START Data provided
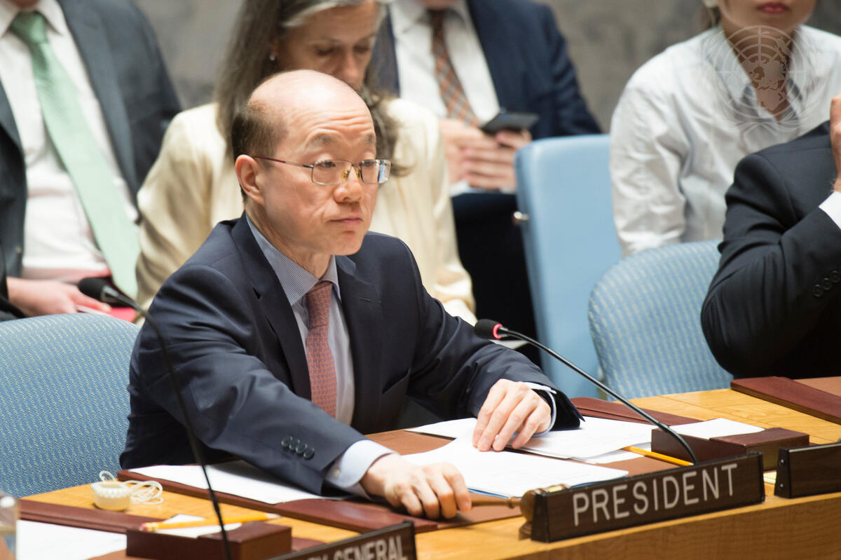 Liu Jieyi, Permanent Representative of the People’s Republic of China to the United Nations and President of the Council for July, chairs the meeting.
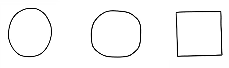 לפי הכלל הזה, מלבן וריבוע הם אותה צורה, וכך גם מעגל ואליפסה.
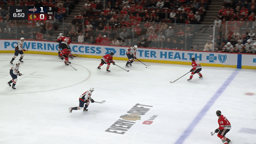 The second goal: Crevier pinches in the OZ to collect a rebound and Connor Bedard provides support as the high forward. The Caps win possession, Ryan Donato goes for a line change, and Bedard provides distant support to TJ Brodie.
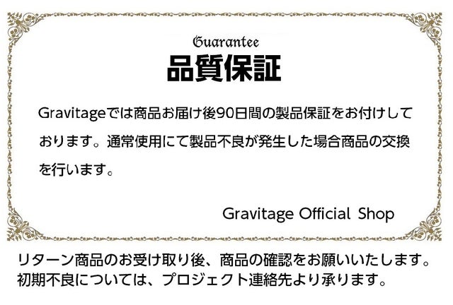 製品保証として、お届け日から90日間の弊社による保証がございます。製品不良が要因と想定される不良及び、通常の使用の範囲内での使用方法による破損の場合保証対象となります。不良の場合、新品と交換対応させていただきます。初期不良の場合は製品到着より1週間以内にご連絡ください。当プロジェクトのMakuakeメッセージにてご連絡を承ります。
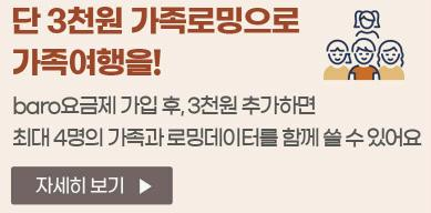 SK텔레콤(www.sktelecom.com)은 오는 29일부터 12월 28일까지 6개월간 가족이 함께 여행을 갈 경우, 한 명만 로밍 상품인 'baro(바로) 요금제'에 가입하면, 온 가족이 함께 데이터를 이용하는 '가족로밍 프로모션'을 시행한다고 밝혔다.
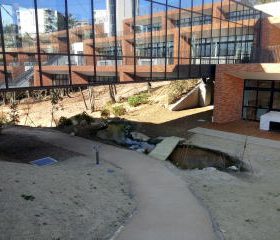 名古屋市の郊外・小幡緑地に隣接する名進研小学校は、校舎の建設にあたり、学校内に残存森林を生かしたビオトープを設けることとしました。
END Data provided
### Task
Retype the entries above word for word, minus any images.

### Solution for this task
 Liu Jieyi, Permanent Representative of the People’s Republic of China to the United Nations and President of the Council for July, chairs the meeting.
 לפי הכלל הזה, מלבן וריבוע הם אותה צורה, וכך גם מעגל ואליפסה.
 The second goal: Crevier pinches in the OZ to collect a rebound and Connor Bedard provides support as the high forward. The Caps win possession, Ryan Donato goes for a line change, and Bedard provides distant support to TJ Brodie.
 製品保証として、お届け日から90日間の弊社による保証がございます。製品不良が要因と想定される不良及び、通常の使用の範囲内での使用方法による破損の場合保証対象となります。不良の場合、新品と交換対応させていただきます。初期不良の場合は製品到着より1週間以内にご連絡ください。当プロジェクトのMakuakeメッセージにてご連絡を承ります。
 SK텔레콤(www.sktelecom.com)은 오는 29일부터 12월 28일까지 6개월간 가족이 함께 여행을 갈 경우, 한 명만 로밍 상품인 'baro(바로) 요금제'에 가입하면, 온 가족이 함께 데이터를 이용하는 '가족로밍 프로모션'을 시행한다고 밝혔다.
 名古屋市の郊外・小幡緑地に隣接する名進研小学校は、校舎の建設にあたり、学校内に残存森林を生かしたビオトープを設けることとしました。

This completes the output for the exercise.